Antagony is an American deathcore/metalcore band from the Bay Area of California, United States, formed in 1998, disbanded in 2009, and reformed in 2019. The group are noted for combining their metalcore style with a remarkable amount of death metal influence, which has led to the group to being considered one of the pioneers of the deathcore genre. Antagony has released three albums, each on a different record label.
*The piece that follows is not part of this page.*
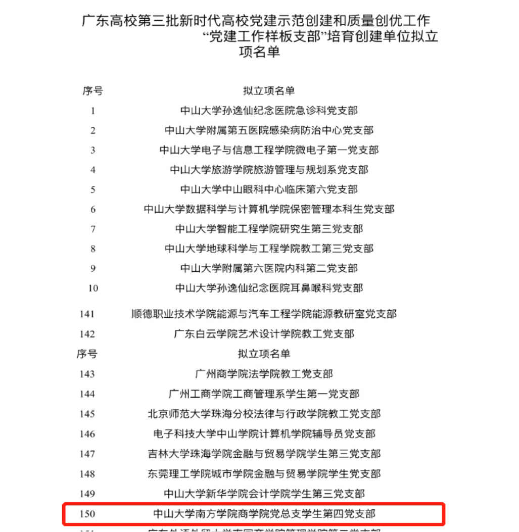 2020年12月7日,中山大学南方学院williamhill中文学生第四党支部在“广东高校第三批新时代高校党建示范创建和质量创优工作‘党建工作样板支部’培育创建单位拟立项名单”中光荣上榜。

Members of Antagony have gone on to form bands such as Oblivion and All Shall Perish.

==History==
Antagony formed in 1998 by former members of the metalcore band Y.F.H. Founding members Nick Vasallo, Carlos Saldana, Ben Orum, and Jody Handy combined elements from disparate forms of extreme music: grindcore, hardcore, death metal, tribal drumming and doom into one sonic experience. They showcased their eclectic mix of styles in their first release, an EP entitled Expect the Worst, and followed it with their first US tour. With a new drummer (Justin Hughes), their first album, See Through These Eyes, released in 2001, further refined their style. Soon after, Antagony became one of the premier extreme metal groups in the Bay Area underground performing with such acts as Malevolent Creation, Incantation, Excruciating Terror, Pig Destroyer, Grimple, Dystopia, Capitalist Casualties, Cephalic Carnage, Brujeria, Vital Remains, Cattle Decapitation, Intronaut, Disgorge, Exhumed, Obituary, As I Lay Dying, and Monstrosity.

After their Triangle of Hate Tour U.S.A. 2001, with supporting acts End of All and Boof, Antagony fell into a period of inactivity with all of their members directing their energies into other projects.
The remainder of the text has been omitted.